START Records for the task

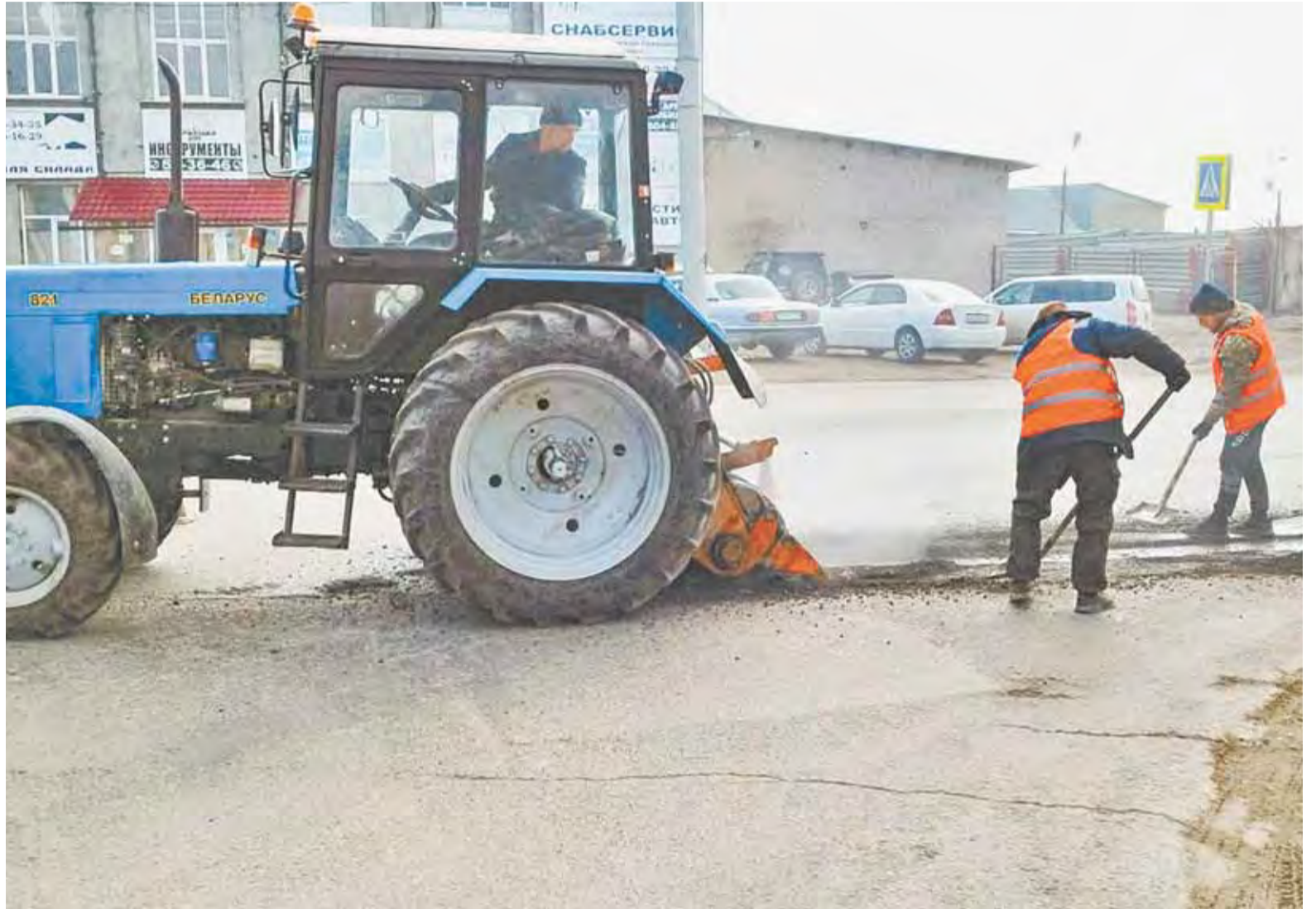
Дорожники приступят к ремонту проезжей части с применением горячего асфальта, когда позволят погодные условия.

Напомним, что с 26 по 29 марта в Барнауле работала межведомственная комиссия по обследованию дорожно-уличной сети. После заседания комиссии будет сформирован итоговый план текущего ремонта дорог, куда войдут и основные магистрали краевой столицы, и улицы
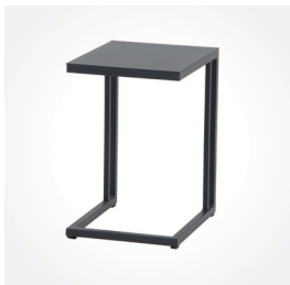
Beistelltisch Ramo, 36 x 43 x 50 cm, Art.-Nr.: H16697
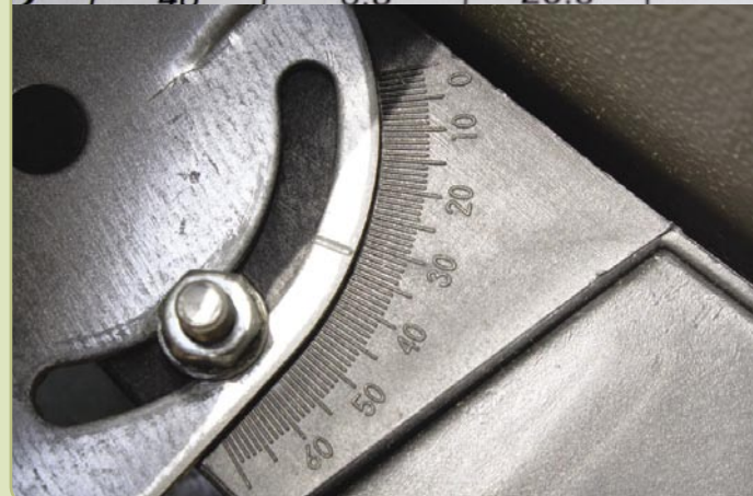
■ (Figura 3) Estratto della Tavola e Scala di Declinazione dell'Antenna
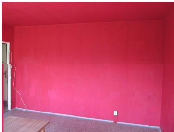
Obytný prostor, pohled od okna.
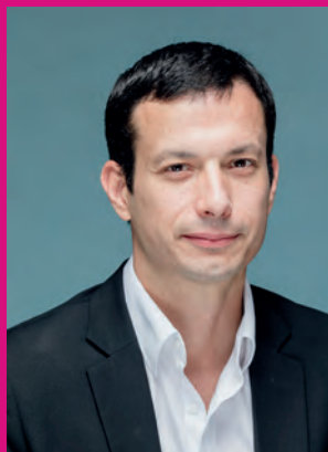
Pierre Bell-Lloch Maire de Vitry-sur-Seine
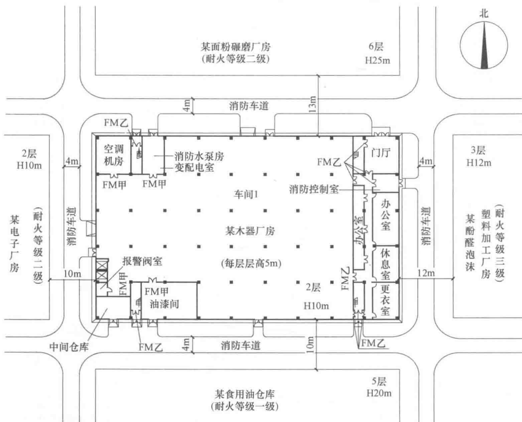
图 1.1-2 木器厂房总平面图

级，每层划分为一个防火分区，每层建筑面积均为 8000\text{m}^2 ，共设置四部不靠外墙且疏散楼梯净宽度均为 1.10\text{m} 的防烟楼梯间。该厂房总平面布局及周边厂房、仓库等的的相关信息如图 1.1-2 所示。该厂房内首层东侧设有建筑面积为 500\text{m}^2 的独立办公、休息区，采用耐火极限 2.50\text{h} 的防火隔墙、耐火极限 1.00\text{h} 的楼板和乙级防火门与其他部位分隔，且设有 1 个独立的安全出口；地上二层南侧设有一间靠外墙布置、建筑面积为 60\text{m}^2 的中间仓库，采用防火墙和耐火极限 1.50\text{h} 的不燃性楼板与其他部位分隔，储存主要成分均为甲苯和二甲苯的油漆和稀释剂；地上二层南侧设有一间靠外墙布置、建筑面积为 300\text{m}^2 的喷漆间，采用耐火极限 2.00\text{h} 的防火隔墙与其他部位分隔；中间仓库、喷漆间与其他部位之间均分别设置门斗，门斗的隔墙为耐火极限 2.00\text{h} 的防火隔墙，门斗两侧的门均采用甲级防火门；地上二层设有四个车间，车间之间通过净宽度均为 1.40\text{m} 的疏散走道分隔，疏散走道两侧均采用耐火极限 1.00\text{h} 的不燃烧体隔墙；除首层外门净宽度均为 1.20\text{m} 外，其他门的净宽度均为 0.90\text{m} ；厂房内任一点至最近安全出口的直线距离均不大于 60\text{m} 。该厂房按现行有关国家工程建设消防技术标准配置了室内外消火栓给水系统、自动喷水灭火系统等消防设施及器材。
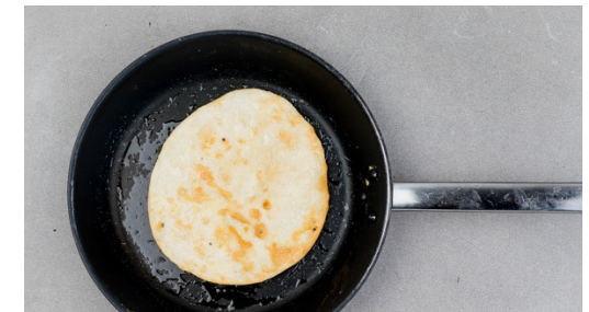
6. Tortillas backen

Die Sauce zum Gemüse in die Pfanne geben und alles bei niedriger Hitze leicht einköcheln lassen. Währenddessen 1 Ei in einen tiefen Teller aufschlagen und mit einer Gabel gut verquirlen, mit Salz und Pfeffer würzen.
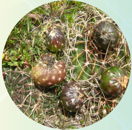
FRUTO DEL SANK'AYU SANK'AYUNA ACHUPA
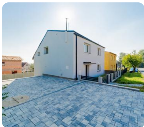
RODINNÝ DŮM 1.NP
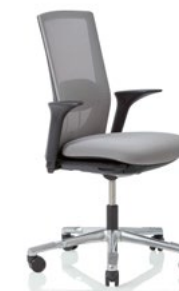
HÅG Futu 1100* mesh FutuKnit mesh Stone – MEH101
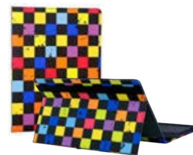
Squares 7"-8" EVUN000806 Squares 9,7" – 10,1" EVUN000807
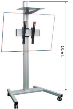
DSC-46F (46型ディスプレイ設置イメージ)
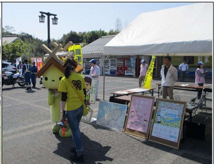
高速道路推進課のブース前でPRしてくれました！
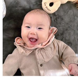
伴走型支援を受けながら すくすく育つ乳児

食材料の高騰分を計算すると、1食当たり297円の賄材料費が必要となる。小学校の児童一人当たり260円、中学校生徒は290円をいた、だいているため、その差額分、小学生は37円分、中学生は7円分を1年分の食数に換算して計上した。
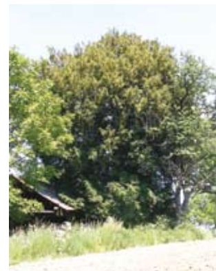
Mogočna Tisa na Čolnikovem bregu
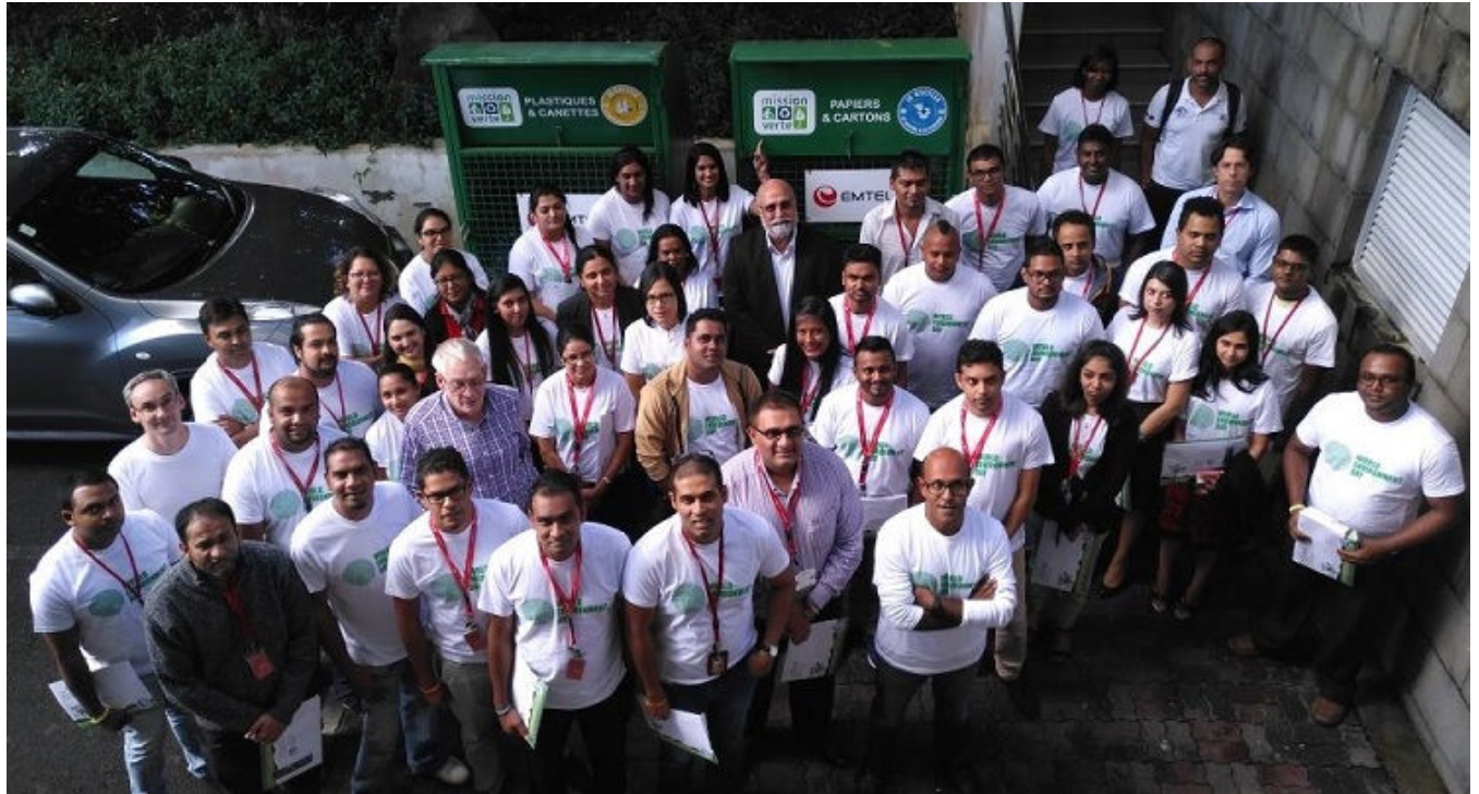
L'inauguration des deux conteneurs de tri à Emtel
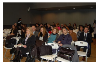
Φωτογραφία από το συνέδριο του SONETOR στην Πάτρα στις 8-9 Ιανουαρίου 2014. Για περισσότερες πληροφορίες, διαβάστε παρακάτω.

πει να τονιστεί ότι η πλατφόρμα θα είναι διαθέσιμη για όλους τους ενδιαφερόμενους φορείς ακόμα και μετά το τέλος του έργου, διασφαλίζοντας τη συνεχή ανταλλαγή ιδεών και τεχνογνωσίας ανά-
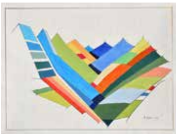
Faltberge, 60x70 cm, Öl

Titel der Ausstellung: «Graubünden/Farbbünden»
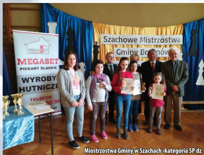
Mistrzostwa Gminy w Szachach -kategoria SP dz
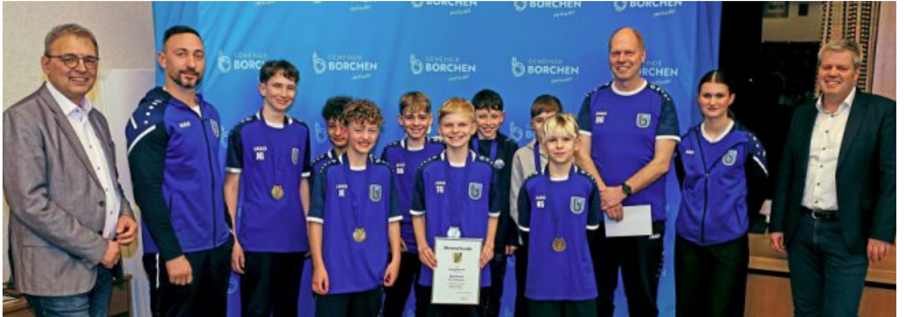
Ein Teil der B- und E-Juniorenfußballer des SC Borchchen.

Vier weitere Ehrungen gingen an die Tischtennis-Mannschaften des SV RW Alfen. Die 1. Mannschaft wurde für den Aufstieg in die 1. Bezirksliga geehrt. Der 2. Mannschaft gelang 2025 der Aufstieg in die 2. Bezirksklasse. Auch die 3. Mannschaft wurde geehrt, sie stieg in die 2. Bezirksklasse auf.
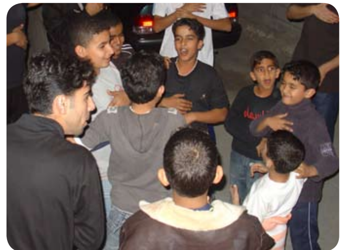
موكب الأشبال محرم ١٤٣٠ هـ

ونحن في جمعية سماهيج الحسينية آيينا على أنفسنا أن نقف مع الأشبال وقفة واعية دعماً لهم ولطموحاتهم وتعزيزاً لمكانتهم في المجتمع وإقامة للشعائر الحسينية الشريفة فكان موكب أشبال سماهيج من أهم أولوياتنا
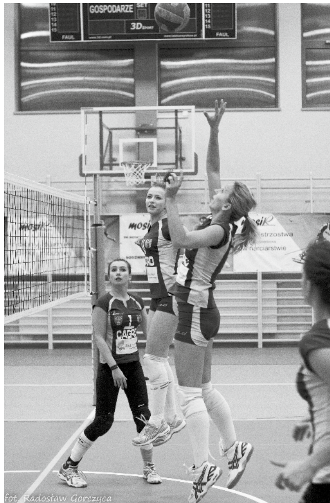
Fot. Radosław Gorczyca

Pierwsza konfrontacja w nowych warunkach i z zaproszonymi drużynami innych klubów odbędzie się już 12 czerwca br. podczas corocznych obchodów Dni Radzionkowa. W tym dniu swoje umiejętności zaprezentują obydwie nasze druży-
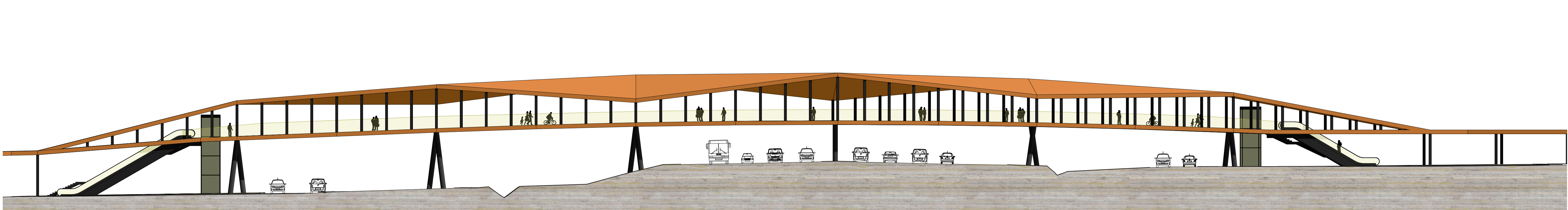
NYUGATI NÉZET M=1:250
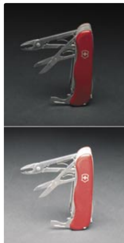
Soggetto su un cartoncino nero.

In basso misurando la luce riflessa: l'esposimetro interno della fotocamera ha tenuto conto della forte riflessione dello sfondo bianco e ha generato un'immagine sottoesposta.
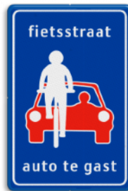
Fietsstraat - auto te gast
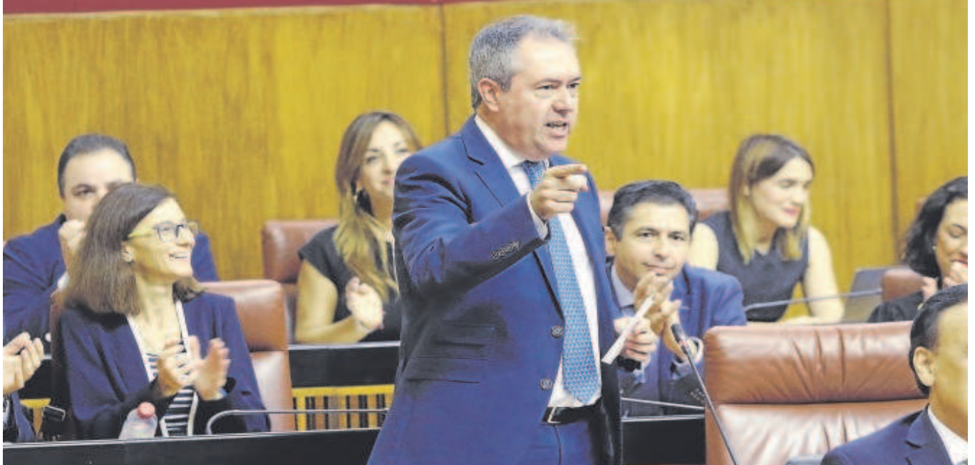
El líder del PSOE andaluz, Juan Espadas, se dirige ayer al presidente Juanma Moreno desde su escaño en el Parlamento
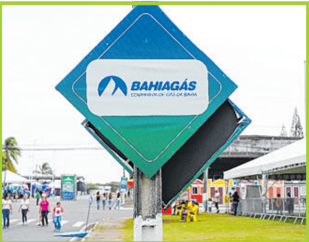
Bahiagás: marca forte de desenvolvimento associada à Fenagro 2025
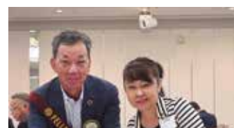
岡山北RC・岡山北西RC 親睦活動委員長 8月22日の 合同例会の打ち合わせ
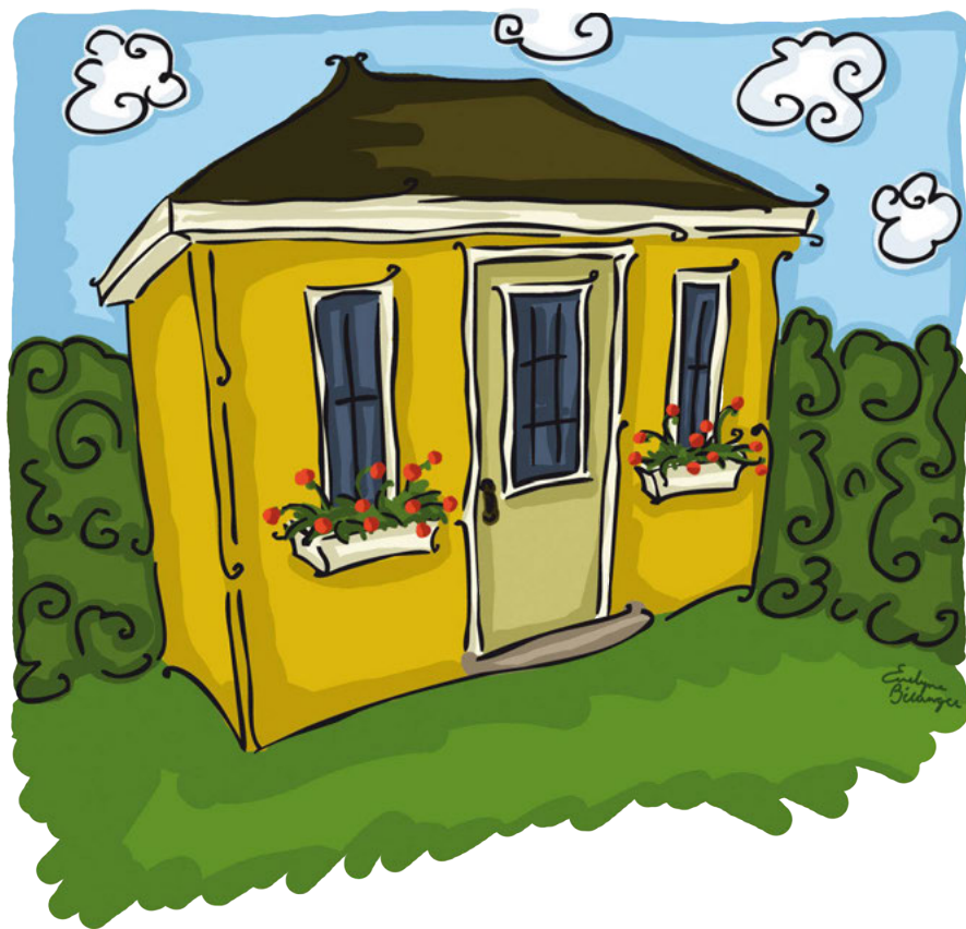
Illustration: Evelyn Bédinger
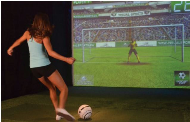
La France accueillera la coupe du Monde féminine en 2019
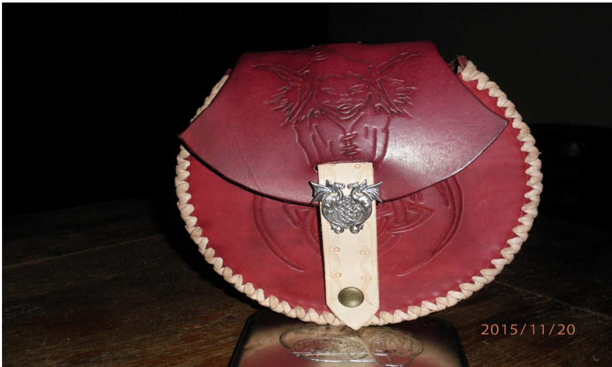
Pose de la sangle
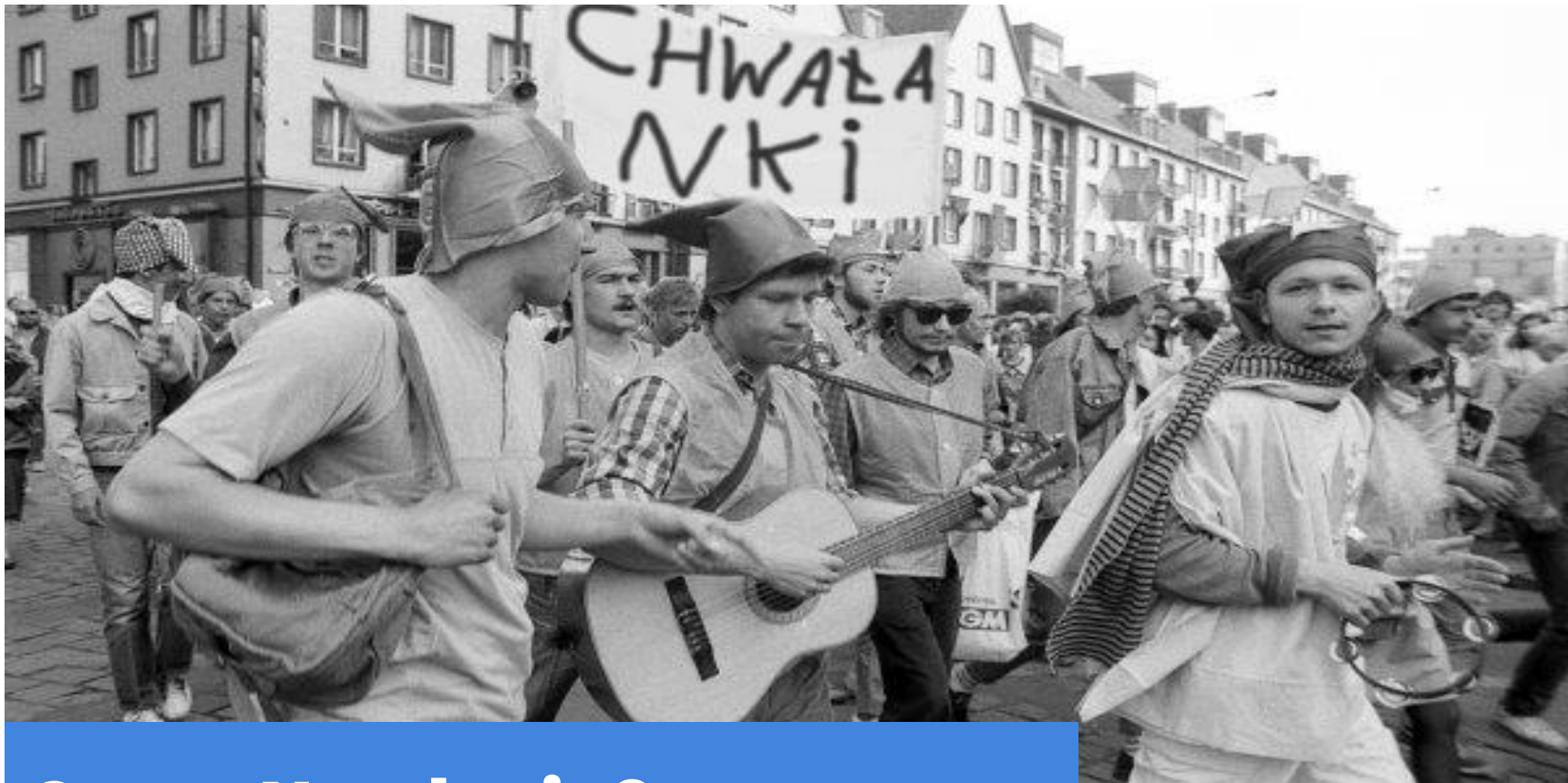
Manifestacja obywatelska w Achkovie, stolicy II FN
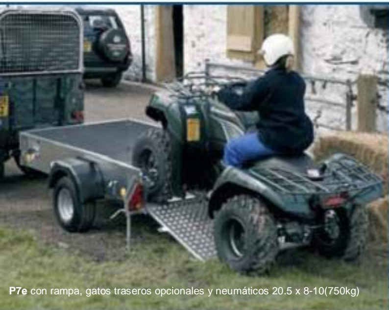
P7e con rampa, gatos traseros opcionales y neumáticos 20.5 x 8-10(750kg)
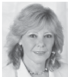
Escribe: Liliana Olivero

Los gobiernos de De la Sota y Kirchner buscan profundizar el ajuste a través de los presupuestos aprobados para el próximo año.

END Records for the task

In the lines above, spot each one that contains the word "forte" and copy it.

In basso misurando la luce riflessa: l'esposimetro interno della fotocamera ha tenuto conto della forte riflessione dello sfondo bianco e ha generato un'immagine sottoesposta.
Bahiagás: marca forte de desenvolvimento associada à Fenagro 2025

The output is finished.